TIRUNELVELI
Students of 139-year-old Ashbourne Middle School behind Alagumuthu Kone statue in Palayamkottai, which was started with the prime objective of imparting education to Hindu girls, suffered from serious respiratory problems on Tuesday as the surface of the nearby road was cleaned with a compressor even as the children were in the school.
As the road workers started cleaning the road with the tractor-mounted compressor around 10.45 a.m., a mandatory exercise to be carried out before applying bitumen – blue metal mixture, the highly hazardous dust flying off the surface entered the school and business establishments situated nearby. While the traders opposed the work in vain, the teachers and the students of the school chose to digest it silently.
“Though we closed the doors and the windows, the dust from the road entered the classrooms through narrow ventilators to cause respiratory problems to all the 100 children, aged between 6 and 13 years, from poor families.

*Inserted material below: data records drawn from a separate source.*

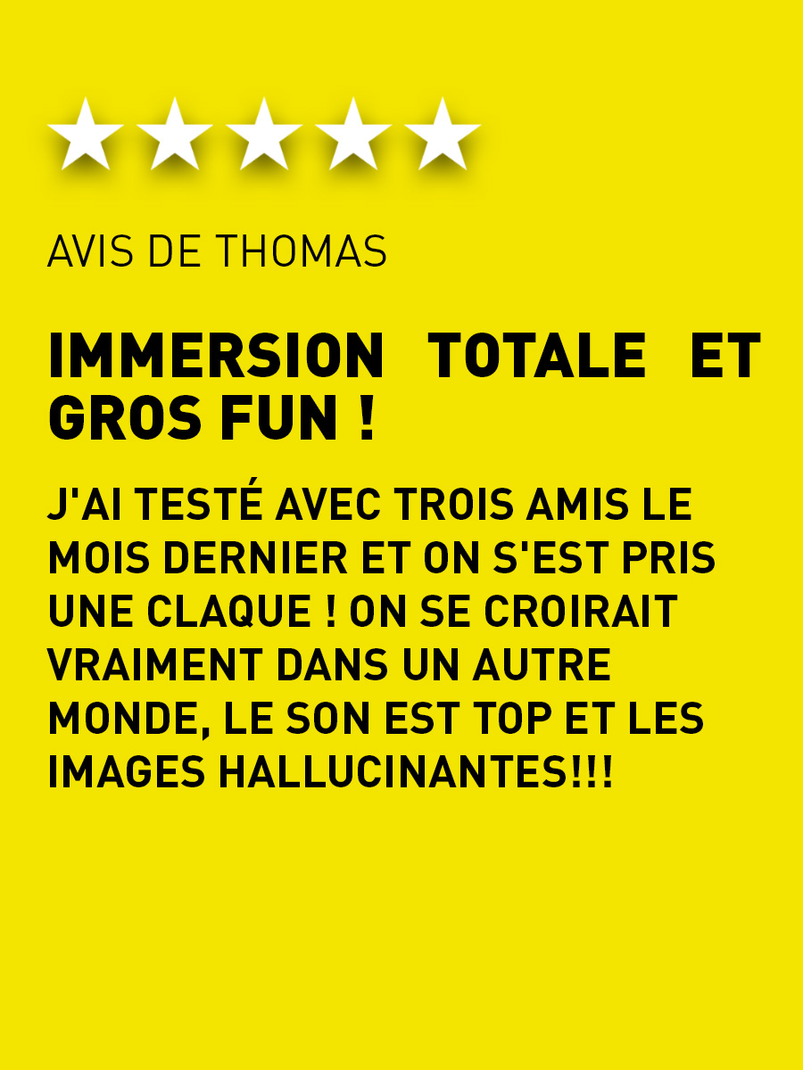 Immersion totale et gros fun! J'ai testé avec trois amis le mois dernier et on s'est pris une claque ! On se croirait vraiment dans un autre monde, le son est top et les images hallucinantes!!!
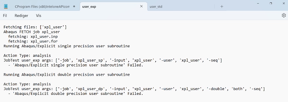 When I run the Abaqus verification I get the message that the checks for the use of user subroutines in Standard and Explicit failed, but the log files do not give any specific errors as the two attached pictures show.
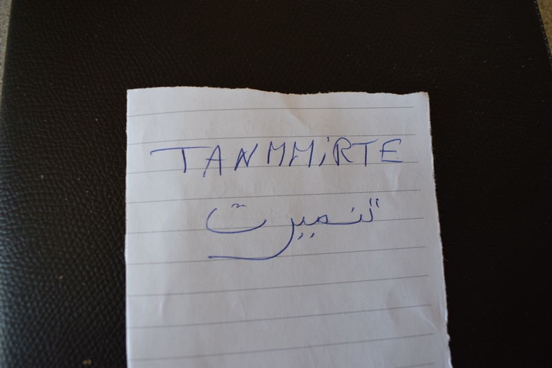 Gentiment, il me dit " tanmirt " et en même temps me l'écrit sur mon papier en " français " et ... en " arabe " !
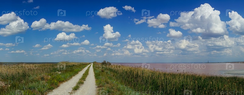 Природный ландшафт с розовым соленым озером
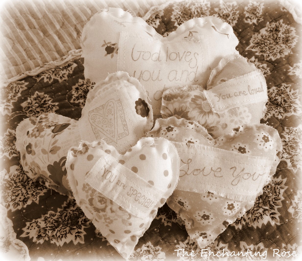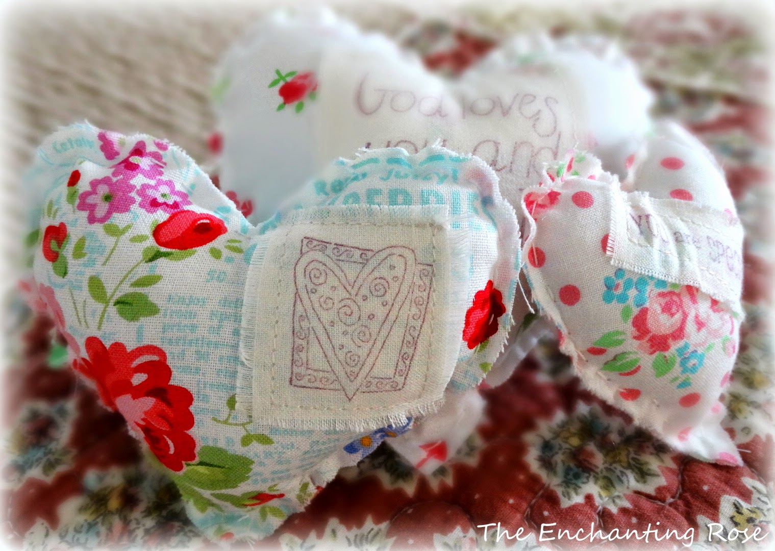 Sweet Stephanie, these hearts are so precious and actually seem doable for someone like me who does not sew. What sort of stuffing did you use? I especially love the one with the heart stamp. These would certainly be adorable in your teacup exchange, or as a giveaway. Perhaps tied with fishing line to a branch and hung from a window...oh the possibilities! I'm sure the young lady will love them!
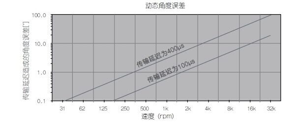 如剛才所說(shuō),磁性位置傳感器的傳輸延遲是固定的,而動(dòng)態(tài)角度誤差的值取決于傳輸延遲的時(shí)間和轉(zhuǎn)速。
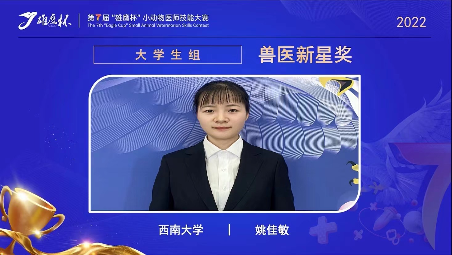 鹰击长空竞自由,逐鹿西北展雄风。学校学子在第7届“雄鹰杯”小动物医师技能大赛上取得优异成绩,再次夺得第7届“雄鹰杯”小动物医师技能大赛大学生组“团体特等奖”。学校获得“最佳组织奖”,是全国唯一连续四届斩获该赛事特等奖的高校。
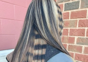 Окрашивание под енота (Raccoon hair) — это креативная техника окрашивания, при которой на отдельных прядях создаются горизонтальные полосы. Чередование светлых и тёмных (или ярких цветных) сегментов делает прядь похожей на полосатый хвост енота.
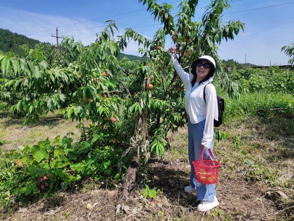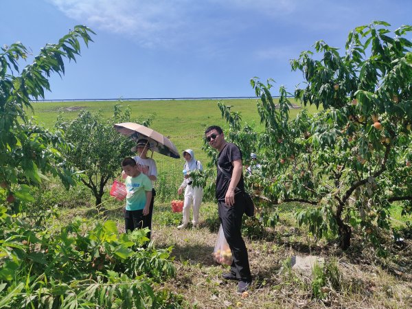 在黃金水庫(kù)旁,放眼望去,藍(lán)天白云碧水漣漪,偶爾跳出水面的小魚,還有那追逐嬉戲的鳥兒,構(gòu)成了一幅絕好的水墨丹青。下車后,大家歡快地奔向采摘園,呼吸著山林的清新空氣,感受著大自然的隨心暢意,大家的心情分外輕松。累累蜜桃散發(fā)出誘人的果香掛滿枝頭,樹枝都被壓彎了腰。摘蜜桃、品蜜桃......采摘的快樂、品嘗的喜悅、打趣的笑聲溢滿采摘園。每個(gè)人都收獲滿滿,體驗(yàn)了自由采摘帶來的收獲與快樂。大家一路歡聲笑語(yǔ),平時(shí)工作的疲勞都融化在這陽(yáng)光明媚的時(shí)光里。

Parents of more than 40 children had to take the affected kids to doctors,” said one of the teachers, who informed their correspondent of the problem.
Though the surface of the road to be relaid was cleaned on Tuesday, the work was not started till Wednesday evening.
“We welcome relaying of roads as it will ensure safety of road-users. At the same time, the exercise should be done without harming others. Instead of doing it during the day, they could have done it after 10 p.m.,” said a teacher.
Another problem the children face is from the dumper placer lorries being used by the Corporation for collecting garbage.
“Since these lorries are parked near our school, the unbearable stench emanating from these vehicles triggers nausea to the students and the teachers as well. The Corporation officials should instruct the drivers to park the vehicles in the sprawling open space near Centenary Hall or some other place,” another teacher said.
A senior Corporation official said the contractor would be given appropriate instruction so that the road laying exercise would not affect the public. “The garbage collection lorries will also be shifted to some other place,” he said.